Breeding males are a beautiful, deep blue overall, with chestnut wingbars. Females and non-breeding males are a cinnamon color overall, with brown wingbars. They are larger than an Indigo Bunting, but slightly smaller than a Brown-headed Cowbird. They’re a stocky songbird with a very large, triangular bill that seems to cover the entire front of its face, from throat to forehead.


Blue Grosbeaks are characteristic species of old fields beginning to grow back into woodland. They breed in areas covered in a mix of grass and shrubs, with usually a few taller trees. In more-arid areas, they often use the shrubby growth along watercourses.
They’re unobtrusive despite their bright colors, although in summer males frequently sing their pleasant, rich, warbling songs. Often they sing while perched at high points in the shrubs and small trees of their generally open or shrubby habitats. Listen for their loud, almost metallic chink call. Also watch for this species’ odd habit of twitching its tail sideways.
Although they feed mostly on insects (especially grasshoppers and crickets), Blue Grosbeaks also eat other invertebrates such as snails, along with the seeds of wild and cultivated grains. Their insect diet includes beetles, bugs, cicadas, treehoppers, and caterpillars. The grain portion of their diet includes seeds of bristlegrass, panicgrass, wheat, oats, rice, corn, and alfalfa. They hover and glean food from foliage, sally out for flying insects from a perch, and even hunt for insects on the ground. Before feeding an insect to their nestlings, they remove the head, wings, and most of the legs.


Males arrive on the breeding grounds early in the season and form feeding flocks before females arrive. Each breeding pair defends a territory 2-20 acres in size during nest building and incubation, allowing the territory to shrink once the nestlings hatch. Blue Grosbeaks usually build their nests low in small trees, shrubs, tangles of vines, briars, or other vegetation, often near open areas or roads.

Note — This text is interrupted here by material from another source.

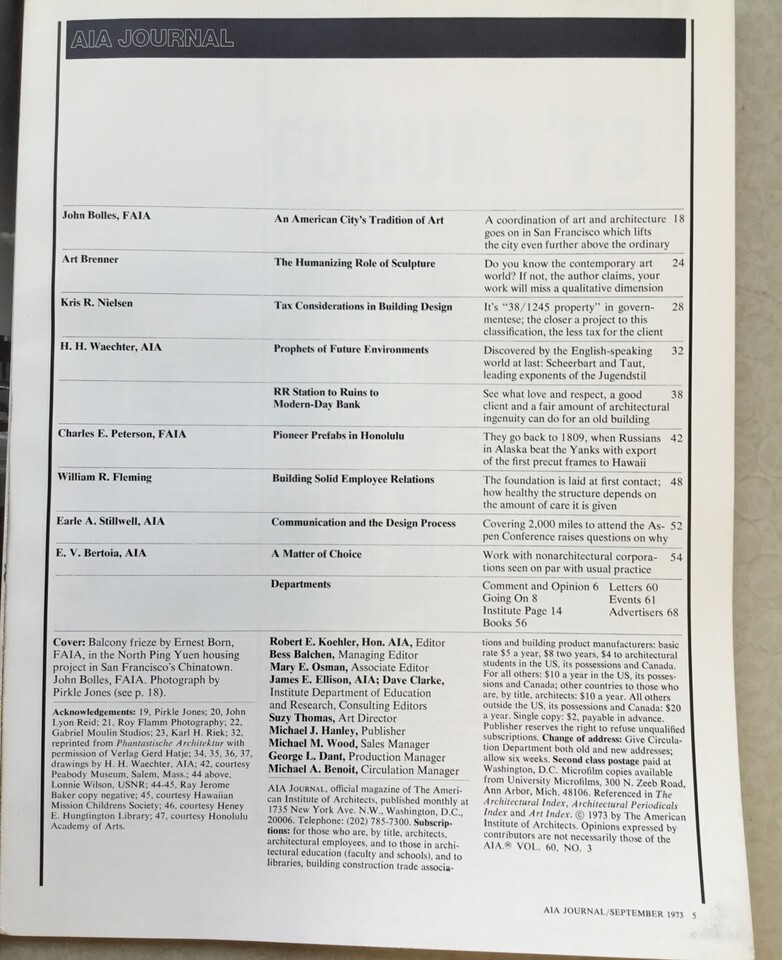 AIA Journal September 1973. Monthly publication of the American Institute of Architects. Ex-library in good condition. See pictures for table of contents. Feel free to email with questions. I do combine shipping on multiple purchases. Have a great day!
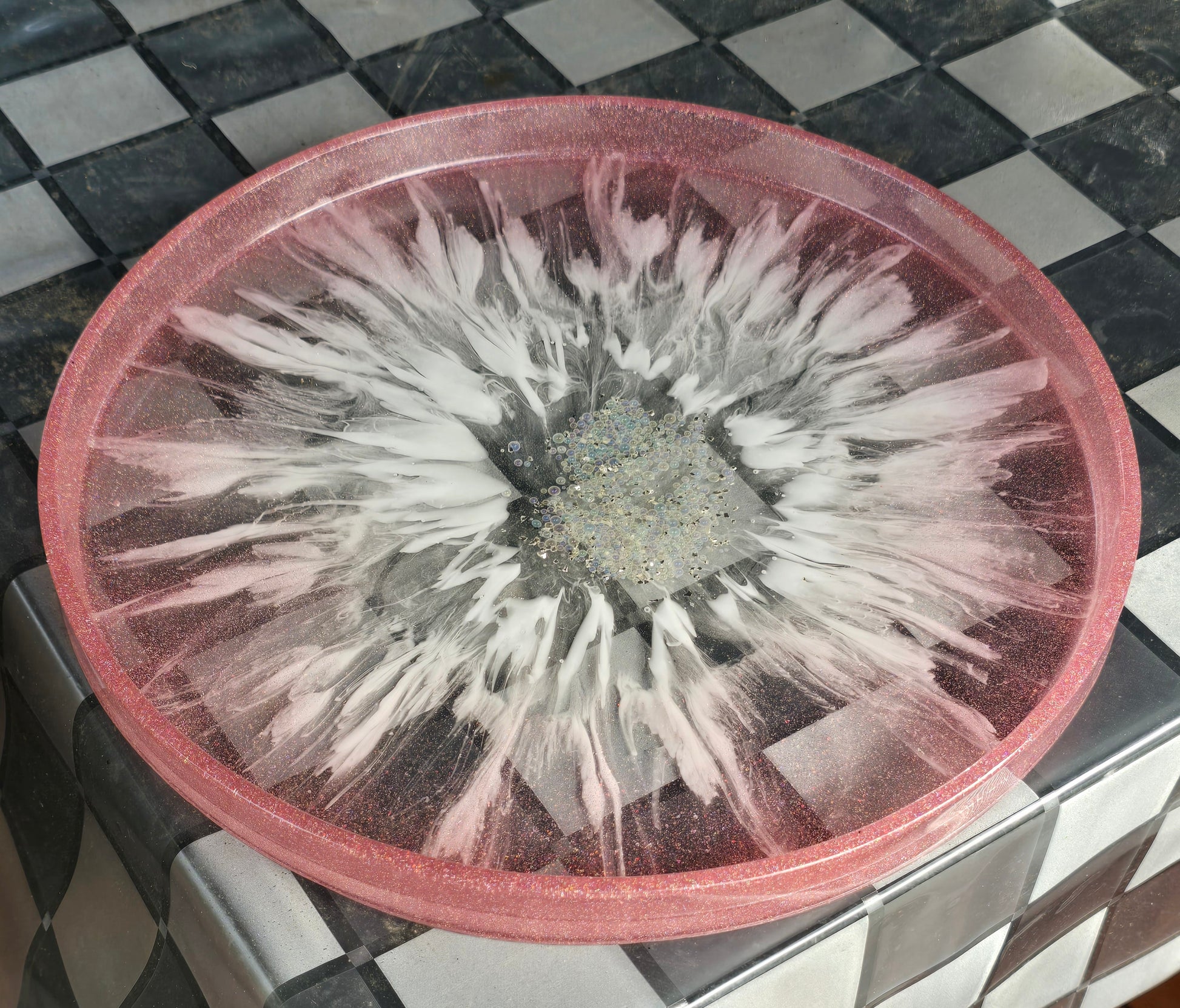 This pink and white tray is the perfect addition to any home decor. Its unique color combination adds a touch of elegance and style, while its functionality makes it great for serving snacks or organizing small items. Complete your home with this beautiful tray. This tray can also be used with the pink petal bowl that is sold separately. The petal bowl can be used for dips or snacks as well as trinkets

The female probably does most of the construction, but males sometimes build nests as well. The compact, cup-shaped nest is woven from twigs, bark strips, rootlets, cotton, rags, newspaper, string cellophane, snakeskin, dead leaves, or other materials. The inner cup measures 2–3 inches across and about 2 inches deep, and is often lined with rootlets, hair, and fine grasses. Each clutch has 3-5 eggs and they raise 1-2 broods. Hatchlings are helpless, with brownish-gray down and closed eyes, but they mature quickly, leaving the nest in approximately 10 days. Blue Grosbeaks are unfortunately heavily parasitized by cowbirds, which lay their own eggs in the grosbeak’s nest.
Fun Fact: The oldest Blue Grosbeak on record was a male and at least 10 years, 11 months old when he was recaptured and rereleased during banding operations in Ohio in 2017.